CMS Administrator Mehmet Oz and Center for Medicare and Medicaid Innovation (CMMI) director Abe Sutton explained in an op-ed in STAT that the current Medicaid fee-for-service model fails children by failing to provide coordinated, whole-person care. Through a network of provider communication, children will be better positioned to have their complex and behavioral health needs treated and afforded a greater opportunity to develop social and communication skills as adults.
The ASPIRE Model is set to build off of the Integrated Care for Kids Model, and will specifically draw from the lessons and benefits of an integrated care management system for families. Inside Health Policy reports that the announcement follows a request for applications for its Make America Healthy Again payment model, which aims to test holistic care through nutrition and exercise. CMS will release a Notice of Funding Opportunity for the ASPIRE model later this year.
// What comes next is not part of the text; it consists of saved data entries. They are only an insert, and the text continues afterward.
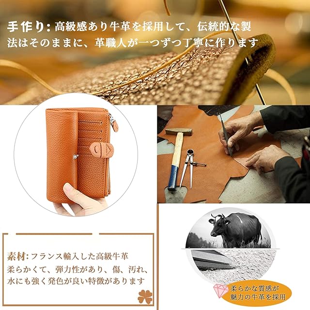 【美しい本革】この二つ折り財布は上質な本革を採用されて、高級感あふれる、手触りが非常に柔らかくフィット感抜群、傷やカジリを防ぐことが出来ます。また、柔軟性、通気性を揃った素材を持っておりますので、長い時間でも使用できます。本製品は天然の牛革で製作され、革の特殊の匂いが付いています。新品は厳密な包装があり、空気の流通がよくないので、匂いが散らしにくくなります。暫くの間で使用した後、匂いがだんだん消えていきます。
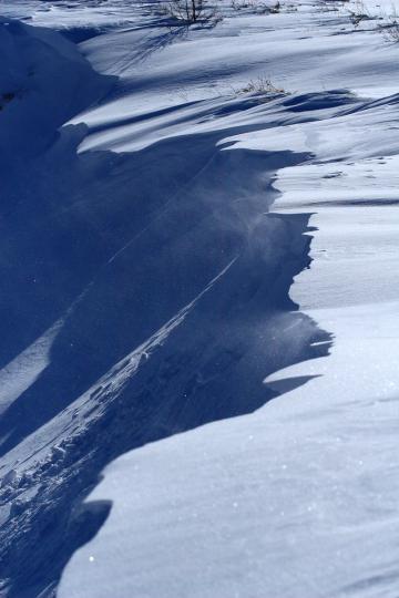 これは雪庇という風が雪を運んで雪が着きどんどん迫り出して行くどこでもよく見る現象。
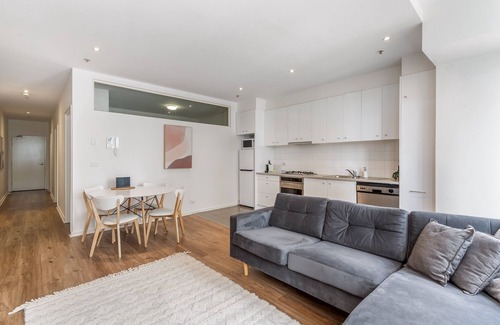 This modern 2-bedroom apartment in the heart of Melbourne offers comfort and convenience for up to 4 guests. Perfect for families or business travellers, it features two queen-sized beds, a stylish living area, and a well-equipped kitchen. Located near shops and public transport, enjoy easy access to the best of the city. Self-check-in, Wi-Fi, and air conditioning ensure a hassle-free stay in this bright and inviting apartment.
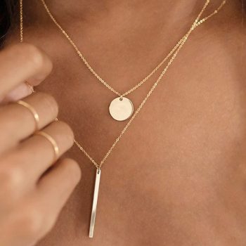 victoria’s vogue Fashion Multilevel Gold Simple Geometric Rectangle Round Sequin Pendant Necklace For Women Female Chain Collar Jewely Gift
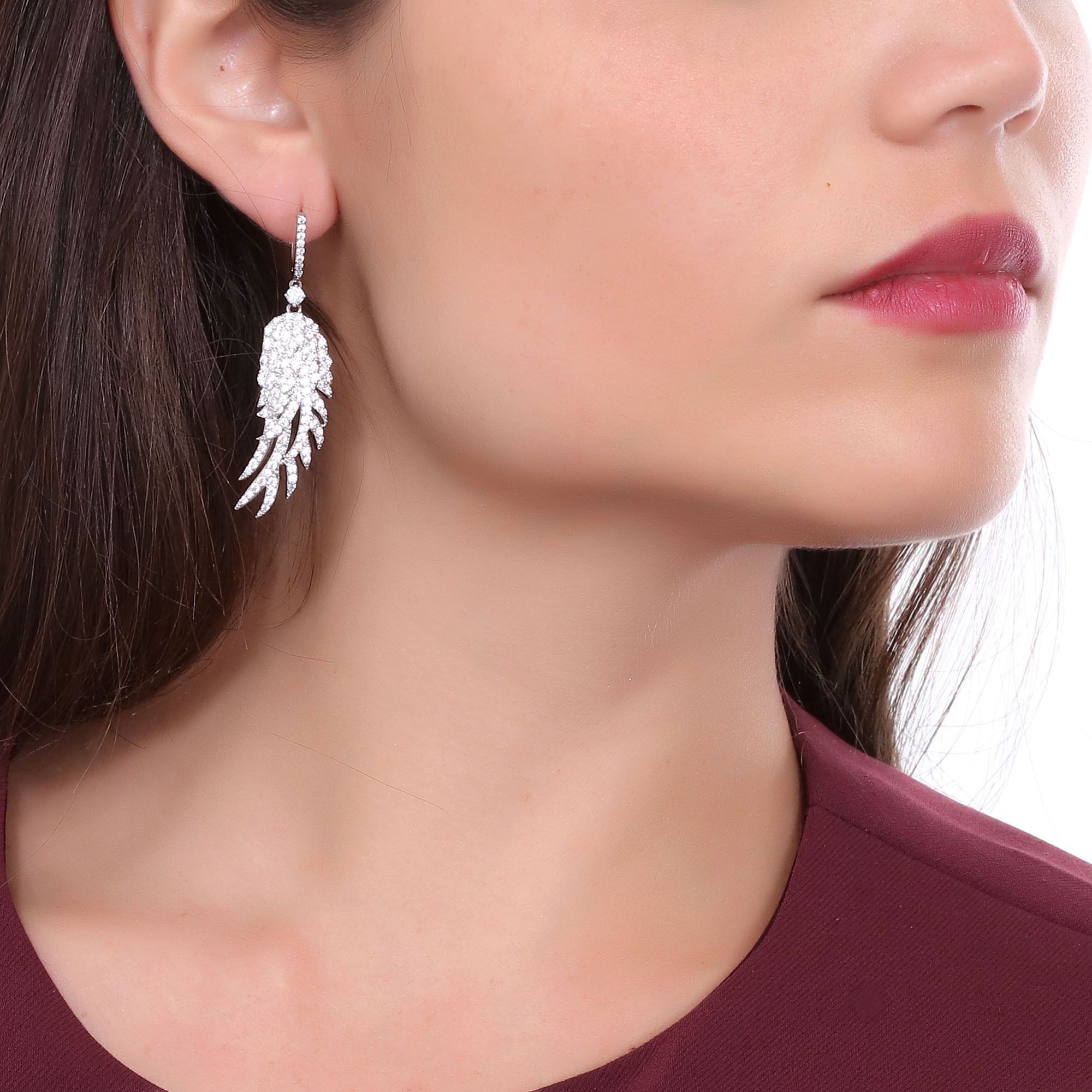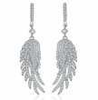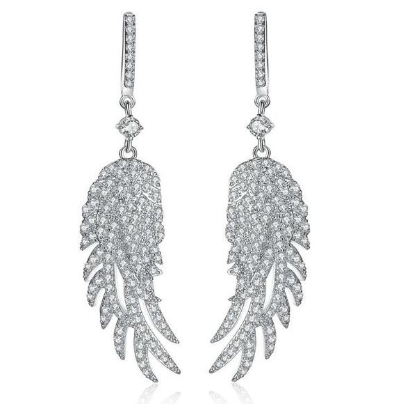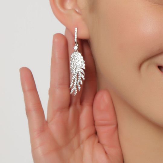 Hermosos pendientes, en baño de oro blanco de 18 quilates, diseño de alas, con incrustaciones de cristales en color blanco.

In tandem with the announcement, the Office of the Assistant Secretary for Planning and Evaluation (ASPE) released a report on the unique needs of families with children with chronic conditions. The report found that the prevalence of pediatric chronic conditions in the U.S. has risen to over 30%, with conditions including asthma, diabetes, autism spectrum disorder and anxiety. Improvements in a child’s quality of life with chronic illness is directly correlated with access to care and the availability of family support for coordinated care and medication management.
Enabling better care for children is advantageous now and in the future with improved quality of life, health outcomes, health care utilization, caregiver and family health status, and potential youth long-term benefits such as productivity and health outcomes in adulthood. Cost and payment issues will also need to be addressed for viable implementation of strategies that hold promise in improving care for children and families.